DATASET section start

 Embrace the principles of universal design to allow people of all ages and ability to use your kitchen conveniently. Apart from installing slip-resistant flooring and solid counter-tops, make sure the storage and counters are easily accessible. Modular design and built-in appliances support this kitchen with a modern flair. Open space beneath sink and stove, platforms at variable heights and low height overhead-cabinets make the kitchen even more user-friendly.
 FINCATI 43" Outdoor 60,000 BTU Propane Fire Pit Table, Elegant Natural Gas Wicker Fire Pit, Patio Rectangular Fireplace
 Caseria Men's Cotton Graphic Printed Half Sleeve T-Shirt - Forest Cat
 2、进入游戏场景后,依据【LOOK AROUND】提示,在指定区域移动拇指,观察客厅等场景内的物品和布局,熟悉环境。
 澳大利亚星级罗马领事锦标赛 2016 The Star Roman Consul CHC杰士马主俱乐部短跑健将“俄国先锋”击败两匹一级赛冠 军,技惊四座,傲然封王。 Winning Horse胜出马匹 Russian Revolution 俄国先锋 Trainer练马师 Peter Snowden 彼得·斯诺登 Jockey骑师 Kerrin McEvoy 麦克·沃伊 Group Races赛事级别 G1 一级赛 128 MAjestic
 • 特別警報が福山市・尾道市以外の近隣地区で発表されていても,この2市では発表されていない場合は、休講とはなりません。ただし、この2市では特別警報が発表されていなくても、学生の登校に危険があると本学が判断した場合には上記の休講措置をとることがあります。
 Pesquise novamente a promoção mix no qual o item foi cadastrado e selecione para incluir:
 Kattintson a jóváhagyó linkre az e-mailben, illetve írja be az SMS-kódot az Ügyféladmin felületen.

DATASET section end
DATASET section start

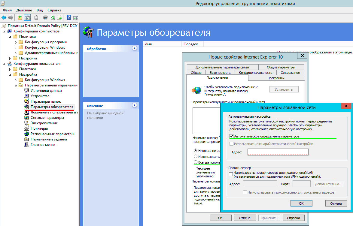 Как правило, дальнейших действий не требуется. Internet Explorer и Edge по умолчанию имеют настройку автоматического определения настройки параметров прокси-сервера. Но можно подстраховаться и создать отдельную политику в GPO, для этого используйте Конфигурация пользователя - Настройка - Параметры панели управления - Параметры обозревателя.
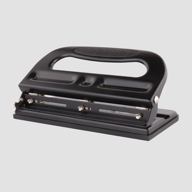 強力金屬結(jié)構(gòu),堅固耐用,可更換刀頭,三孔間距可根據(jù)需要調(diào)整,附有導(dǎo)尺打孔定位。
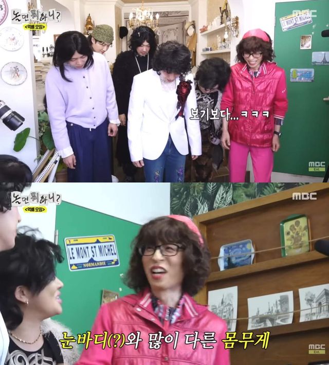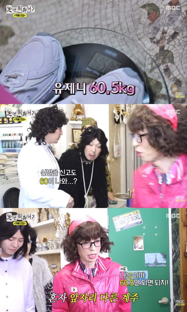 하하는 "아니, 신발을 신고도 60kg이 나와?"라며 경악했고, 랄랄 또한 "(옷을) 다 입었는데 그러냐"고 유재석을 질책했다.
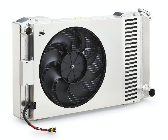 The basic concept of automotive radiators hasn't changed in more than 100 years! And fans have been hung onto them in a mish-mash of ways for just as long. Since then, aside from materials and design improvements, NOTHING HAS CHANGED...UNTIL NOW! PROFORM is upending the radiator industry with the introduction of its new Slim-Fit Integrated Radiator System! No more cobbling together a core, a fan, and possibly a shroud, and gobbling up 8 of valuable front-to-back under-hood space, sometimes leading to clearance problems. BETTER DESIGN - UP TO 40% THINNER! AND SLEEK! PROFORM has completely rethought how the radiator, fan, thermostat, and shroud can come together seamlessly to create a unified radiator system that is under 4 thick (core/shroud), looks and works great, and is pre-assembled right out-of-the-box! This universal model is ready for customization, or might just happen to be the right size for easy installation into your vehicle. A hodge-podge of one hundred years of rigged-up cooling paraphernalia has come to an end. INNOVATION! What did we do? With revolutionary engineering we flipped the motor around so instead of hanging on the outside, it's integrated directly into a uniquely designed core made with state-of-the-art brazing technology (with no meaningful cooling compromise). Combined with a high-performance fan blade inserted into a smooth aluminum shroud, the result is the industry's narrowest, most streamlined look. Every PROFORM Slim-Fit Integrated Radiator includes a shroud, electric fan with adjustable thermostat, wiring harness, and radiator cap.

DATASET section end

REQUIRED WORK:
In the listing above, locate the line containing "Embrace the principles" and the line containing "Kattintson a jóváhagyó", then transcribe both and every line between them verbatim.

COMPLETED TASK:
 Embrace the principles of universal design to allow people of all ages and ability to use your kitchen conveniently. Apart from installing slip-resistant flooring and solid counter-tops, make sure the storage and counters are easily accessible. Modular design and built-in appliances support this kitchen with a modern flair. Open space beneath sink and stove, platforms at variable heights and low height overhead-cabinets make the kitchen even more user-friendly.
 FINCATI 43" Outdoor 60,000 BTU Propane Fire Pit Table, Elegant Natural Gas Wicker Fire Pit, Patio Rectangular Fireplace
 Caseria Men's Cotton Graphic Printed Half Sleeve T-Shirt - Forest Cat
 2、进入游戏场景后,依据【LOOK AROUND】提示,在指定区域移动拇指,观察客厅等场景内的物品和布局,熟悉环境。
 澳大利亚星级罗马领事锦标赛 2016 The Star Roman Consul CHC杰士马主俱乐部短跑健将“俄国先锋”击败两匹一级赛冠 军,技惊四座,傲然封王。 Winning Horse胜出马匹 Russian Revolution 俄国先锋 Trainer练马师 Peter Snowden 彼得·斯诺登 Jockey骑师 Kerrin McEvoy 麦克·沃伊 Group Races赛事级别 G1 一级赛 128 MAjestic
 • 特別警報が福山市・尾道市以外の近隣地区で発表されていても,この2市では発表されていない場合は、休講とはなりません。ただし、この2市では特別警報が発表されていなくても、学生の登校に危険があると本学が判断した場合には上記の休講措置をとることがあります。
 Pesquise novamente a promoção mix no qual o item foi cadastrado e selecione para incluir:
 Kattintson a jóváhagyó linkre az e-mailben, illetve írja be az SMS-kódot az Ügyféladmin felületen.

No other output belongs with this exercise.